◆ WHAT TO PRODUCE
Leaving pictures aside, set down each line exactly, from the first line of the data to the line with "L’eix transversal ferroviari, en", both included.

*** Opening RAW DATA ***

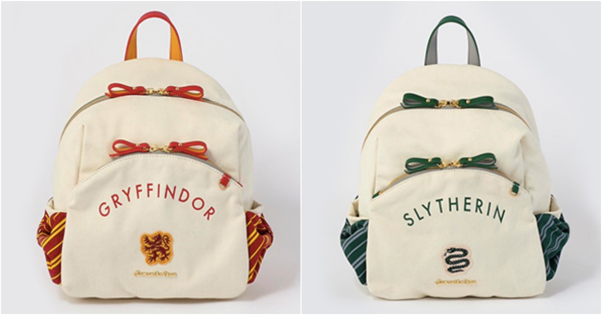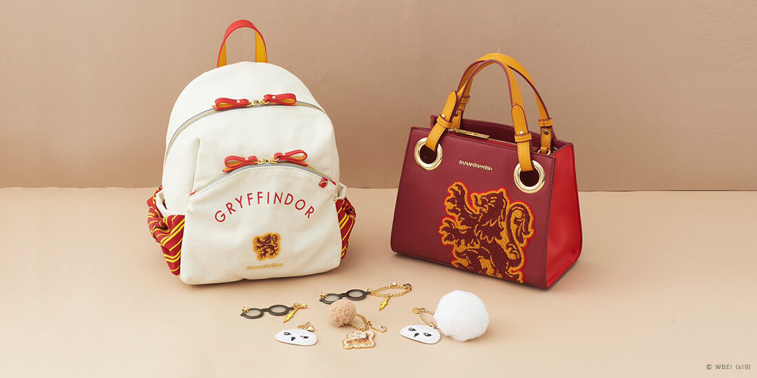 走甜美氣質風格的主品牌Samantha Thavasa,把哈利波特的魔法元素優雅結合,以皮質材質呈現葛萊分多、史萊哲林、赫夫帕夫以及雷文克勞四大學院,推出代表色後揹包以及單肩包,同時將大家熟悉的霍格華茲菱格紋圍巾及領帶作為包款裝飾,精緻又不過於OVER。
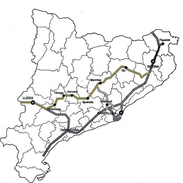 L’eix transversal ferroviari, en alguns trams paral·lel a la C-25, havia de connectar Lleida i Girona en una hora i vint minuts. Es tracta d’un projecte que la Generalitat ha aparcat, almenys ara per ara, però que continua present en planejaments com el Pla Territorial Parcial de les Comarques Centrals de l’any 2008. Requeria una inversió estimada de 6.500 milions d’euros. I el traçat no agradava a tothom: Gurb, per exemple, demanava que l’estació projectada al municipi es traslladés a Vic. L’Ajuntament de Torelló i el de Manlleu volien que el tren parés a les seves poblacions, seguint un recorregut en què l’entrada a la Garrotxa passés per la Vall del Ges. El 2004 la Generalitat havia fixat un termini de 20 anys per construir-lo.
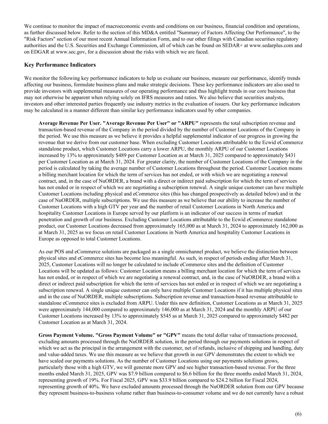 We continue to monitor the impact of macroeconomic events and conditions on our business, financial condition and operations, as further discussed below. Refer to the section of this MD&A entitled "Summary of Factors Affecting Our Performance", to the "Risk Factors" section of our most recent Annual Information Form, and to our other filings with Canadian securities regulatory authorities and the U.S. Securities and Exchange Commission, all of which can be found on SEDAR+ at www.sedarplus.com and on EDGAR at www.sec.gov, for a discussion about the risks with which we are faced. Key Performance Indicators We monitor the following key performance indicators to help us evaluate our business, measure our performance, identify trends affecting our business, formulate business plans and make strategic decisions. These key performance indicators are also used to provide investors with supplemental measures of our operating performance and thus highlight trends in our core business that may not otherwise be apparent when relying solely on IFRS measures and ratios. We also believe that securities analysts, investors and other interested parties frequently use industry metrics in the evaluation of issuers. Our key performance indicators may be calculated in a manner different than similar key performance indicators used by other companies. Average Revenue Per User. "Average Revenue Per User" or "ARPU" represents the total subscription revenue and transaction-based revenue of the Company in the period divided by the number of Customer Locations of the Company in the period. We use this measure as we believe it provides a helpful supplemental indicator of our progress in growing the revenue that we derive from our customer base. When excluding Customer Locations attributable to the Ecwid eCommerce standalone product, which Customer Locations carry a lower ARPU, the monthly ARPU of our Customer Locations increased by 13% to approximately $489 per Customer Location as at March 31, 2025 compared to approximately $431 per Customer Location as at March 31, 2024. For greater clarity, the number of Customer Locations of the Company in the period is calculated by taking the average number of Customer Locations throughout the period. Customer Location means a billing merchant location for which the term of services has not ended, or with which we are negotiating a renewal contract, and, in the case of NuORDER, a brand with a direct or indirect paid subscription for which the term of services has not ended or in respect of which we are negotiating a subscription renewal. A single unique customer can have multiple Customer Locations including physical and eCommerce sites (this has changed prospectively as detailed below) and in the case of NuORDER, multiple subscriptions. We use this measure as we believe that our ability to increase the number of Customer Locations with a high GTV per year and the number of retail Customer Locations in North America and hospitality Customer Locations in Europe served by our platform is an indicator of our success in terms of market penetration and growth of our business. Excluding Customer Locations attributable to the Ecwid eCommerce standalone product, our Customer Locations decreased from approximately 165,000 as at March 31, 2024 to approximately 162,000 as at March 31, 2025 as we focus on retail Customer Locations in North America and hospitality Customer Locations in Europe as opposed to total Customer Locations. As our POS and eCommerce solutions are packaged as a single omnichannel product, we believe the distinction between physical sites and eCommerce sites has become less meaningful. As such, in respect of periods ending after March 31, 2025, Customer Locations will no longer be calculated to include eCommerce sites and the definition of Customer Locations will be updated as follows: Customer Location means a billing merchant location for which the term of services has not ended, or in respect of which we are negotiating a renewal contract, and, in the case of NuORDER, a brand with a direct or indirect paid subscription for which the term of services has not ended or in respect of which we are negotiating a subscription renewal. A single unique customer can only have multiple Customer Locations if it has multiple physical sites and in the case of NuORDER, multiple subscriptions. Subscription revenue and transaction-based revenue attributable to standalone eCommerce sites is excluded from ARPU. Under this new definition, Customer Locations as at March 31, 2025 were approximately 144,000 compared to approximately 146,000 as at March 31, 2024 and the monthly ARPU of our Customer Locations increased by 13% to approximately $545 as at March 31, 2025 compared to approximately $482 per Customer Location as at March 31, 2024. Gross Payment Volume. "Gross Payment Volume" or "GPV" means the total dollar value of transactions processed, excluding amounts processed through the NuORDER solution, in the period through our payments solutions in respect of which we act as the principal in the arrangement with the customer, net of refunds, inclusive of shipping and handling, duty and value-added taxes. We use this measure as we believe that growth in our GPV demonstrates the extent to which we have scaled our payments solutions. As the number of Customer Locations using our payments solutions grows, particularly those with a high GTV, we will generate more GPV and see higher transaction-based revenue. For the three months ended March 31, 2025, GPV was $7.9 billion compared to $6.6 billion for the three months ended March 31, 2024, representing growth of 19%. For Fiscal 2025, GPV was $33.9 billion compared to $24.2 billion for Fiscal 2024, representing growth of 40%. We have excluded amounts processed through the NuORDER solution from our GPV because they represent business-to-business volume rather than business-to-consumer volume and we do not currently have a robust (6)

*** Closing RAW DATA ***

◆ ANSWER TO THIS TASK
 走甜美氣質風格的主品牌Samantha Thavasa,把哈利波特的魔法元素優雅結合,以皮質材質呈現葛萊分多、史萊哲林、赫夫帕夫以及雷文克勞四大學院,推出代表色後揹包以及單肩包,同時將大家熟悉的霍格華茲菱格紋圍巾及領帶作為包款裝飾,精緻又不過於OVER。
 L’eix transversal ferroviari, en alguns trams paral·lel a la C-25, havia de connectar Lleida i Girona en una hora i vint minuts. Es tracta d’un projecte que la Generalitat ha aparcat, almenys ara per ara, però que continua present en planejaments com el Pla Territorial Parcial de les Comarques Centrals de l’any 2008. Requeria una inversió estimada de 6.500 milions d’euros. I el traçat no agradava a tothom: Gurb, per exemple, demanava que l’estació projectada al municipi es traslladés a Vic. L’Ajuntament de Torelló i el de Manlleu volien que el tren parés a les seves poblacions, seguint un recorregut en què l’entrada a la Garrotxa passés per la Vall del Ges. El 2004 la Generalitat havia fixat un termini de 20 anys per construir-lo.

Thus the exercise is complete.